WORK TO COMPLETE:
Copy all the data exactly, except the pictures.

(INFORMATION SUPPLIED begins)

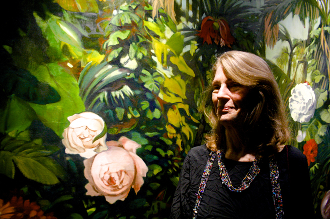 Julie Heffernan’s talk and slide show introduced us to her early art influences that broke through her suburban Ozzie and Harriet style upbringing on the West Coast – passionate Catholic hagiography and hippy hedonism in Golden Gate park, then onto German figural renaissance with her Fullbright scholarship in West Berlin. While in Europe she was exposed to the likes of Velázquez, Fantin-Latour and Bosch to name but a few and so began her lush still lifes as self portraits, traditional still lifes with contemporary flourishes and mind bubbles. These grew into the monumental, surreal follies, and the epic dystpoias of today which have been fueled by both personal and global events.
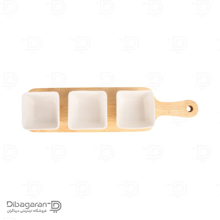 ظرف اردو خوری چوبی مربع در مدل 3 تایی از جنس چینی درجه یک و استند چوبی، گزینهای بسیار شیک و زیبا برای سرو انوع پیش غذا، دورچین، چاشنی، تنقلات و … محسوب میشود. که جلوه خاصی به میز غذا و پذیرایی بخشیده و سلیقه میزبان را به خوبی به رخ میکشد.
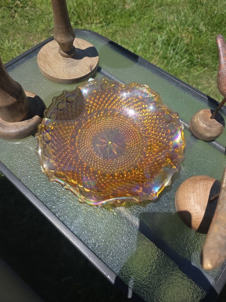 Iridescent Golden color, from the late 70s. About 10 inch diameter. Can be used as a Candy Dish/Bowl No low ball offers.
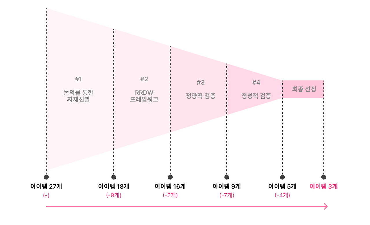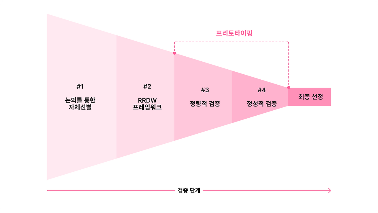 다음으로는, 리스트업 한 아이템의 유효성을 판단하기 위해 다음과 같은 단계를 구성해서 하나씩 검증하기 시작했습니다.

(INFORMATION SUPPLIED ends)

RESPONSE BOX:
 Julie Heffernan’s talk and slide show introduced us to her early art influences that broke through her suburban Ozzie and Harriet style upbringing on the West Coast – passionate Catholic hagiography and hippy hedonism in Golden Gate park, then onto German figural renaissance with her Fullbright scholarship in West Berlin. While in Europe she was exposed to the likes of Velázquez, Fantin-Latour and Bosch to name but a few and so began her lush still lifes as self portraits, traditional still lifes with contemporary flourishes and mind bubbles. These grew into the monumental, surreal follies, and the epic dystpoias of today which have been fueled by both personal and global events.
 ظرف اردو خوری چوبی مربع در مدل 3 تایی از جنس چینی درجه یک و استند چوبی، گزینهای بسیار شیک و زیبا برای سرو انوع پیش غذا، دورچین، چاشنی، تنقلات و … محسوب میشود. که جلوه خاصی به میز غذا و پذیرایی بخشیده و سلیقه میزبان را به خوبی به رخ میکشد.
 Iridescent Golden color, from the late 70s. About 10 inch diameter. Can be used as a Candy Dish/Bowl No low ball offers.
 다음으로는, 리스트업 한 아이템의 유효성을 판단하기 위해 다음과 같은 단계를 구성해서 하나씩 검증하기 시작했습니다.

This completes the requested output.